İçlerinden Biri II

421 10 0
                                    

Gözlerimi açtığımda biraz sersemlemiştim, perdeler ardına kadar kapalı olmasına karşılık yırtılan kısımlarından gün ışığı içeri giriyor, etraf gün doğumunun güzel ılıklığı ve kırmızısıyla karışık loş bir hal alıyordu. Perdelerin ardına kadar kapalı olmasından ve yırtık kısımlarından kendi odamda berbat bir güne daha uyandığımın farkına varmıştım. Tanrım anneme kaç defa şu yırtılan perdeme yama yapıp gün doğumunun odamı sıcaklığıyla ve rengiyle boyamasını istemediğimi söylediysemde bir kulağından girip diğerinden kendi isteğiyle çıkmasına izin verdiğine adım kadar eminim. Odamın duvaları siyah renkde olduğu için, perdenin yırtık kısımlarından içeri giren gün ışığı aylardır havalandırmadığım odamdaki toz bulutlarının görünmesine neden oluyordu. Resmen kendi benliğime taciz ediliyormuş gibi hissetmiştim. Kafamda bu düşüncelerle ilerlerken yatağın kenarındaki komidinin üstünde yelkovanı bir ileri bir geri gidip gelen saate gözlerimi iliştirmiş ve iki üç saniyeye yakın bakmaktan alıkoyamamıştım kendimi. Birkaç defa 06:16 gördüğüm saati gözlerimi açıp kapatmamla 06:18 görmem bir oldu, bu resmen şok edici birşeydi. Yelkovanı ileri geri giden ve 06:16 da takılı kalan bozuk saatimin gözlerimi açıp kapatmamla 06:18 olmasına çok takılmıştım o süreç içinde. Bu konuya neden bu kadar çok takıldığımı hiç bilmiyordum "aptal bir bozuk saat" diyip geçemiyordum. Sanki her şey saniyelik geçen, iki dakikalarda kaybolup gidiyordu. Belkide göz açıp kapayana dek. Bende 16 yaşında kendi yaşantımda gelgitler yaşıyordum. Peki ya göz açıp kapayıncaya dek 18 olduğumda, doğduğum günde yelkovanım tam 12:00 'de takılır ve hayatıma veda edersem ?

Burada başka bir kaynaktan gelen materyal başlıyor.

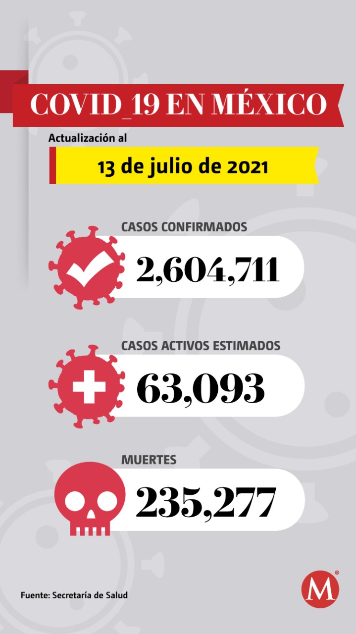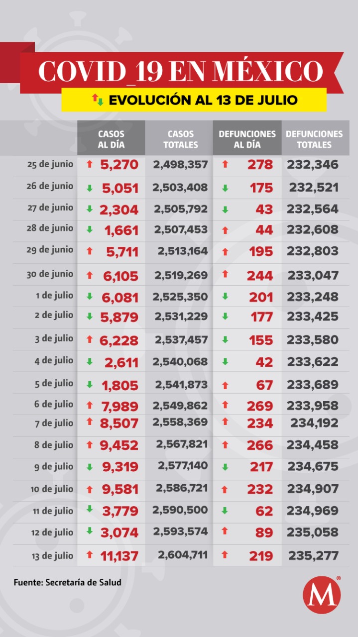La Secretaría de Salud informó, al corte del 13 de julio, que en 24 horas México registró 11 mil 137 mil contagios, 219 nuevas muertes por coronavirus y acumuló 2 millones 604 mil 711 casos, para un total de 235 mil 277 decesos.

"Aptal mısın Arya ! Evet aptalsın seni küçük şizofren, kendine gel!" Diyerek saati çekmeceye fırlatıp kötü düşüncelerden uzak durmaya zorladım kendimi. Yatakdan kalktım, dün gece yazdığım günlük tarzı kitabın yere sayfaları açık bir şekilde düşmüş olduğunu gördüm. 'Tanrım umarım annem okumamıştır.' Diye içimden geçirerek yastık kılıfımın içine saklayıp ortadan kaldırdım. Tam o esnada annem kapının kulpunu zorlayarak kapıyı açtı ve:

-Annem: 'Bayan karanlık hazırlanman için 3 dakikan var, okula geç kalacaksın lütfen beni bir kez daha odaya getirme de hazırlan.'

-'Bana bayan karanlık demeyi keser misin anne!' İstersen saçlarımı örüp pembe kurdaleleri de takıyım ?

-Annem: 'Hiç anlamayacaksın değil mi ? Senin için ne kadar endişelediğimi ve bu yeni okul için senin adına ne kadar çok çabaladığımı ? Ah herneyse Arya son 2 dakika!'

Dedi ve kapıdan ayrıldı. Ailemin baskıcı olduğundan size söz etmiştim sanırım ve annemi daha doğrusu beni hala küçücük bebeği gibi gören annemi size tanımlamadım galiba. Annemin adı Emily, Emily Darwen. Kendi pastanesinde çalışan ve buralara kadar kendi emeğiyle gelen toz pembe bir kadın. Herneyse, bu konuyu daha sonra size açacağım. Okula ciddi anlamda geç kalıyor gibiydim ve standart kombinimle (siyah dar pantolon ve siyah bir bluz) kapıya kadar sürüklediğim çantamın içine birkaç kitap tıkıştırdım, Simon'a mamasını vermek için çok geçti. Tanrım ona karşı çok sorumsuz davranıyorum. Siyah converselerimin bağcığını bağlarken Simon'a bir mama tabağı hazırlamak imkansızdı "üzgünüm pisicik çok geç kalıyorum bu gün senin için ayırdığım sütle idare etmelisin, Tanrı seni ve minik patilerini korusun "diyerek evden ayrıldım.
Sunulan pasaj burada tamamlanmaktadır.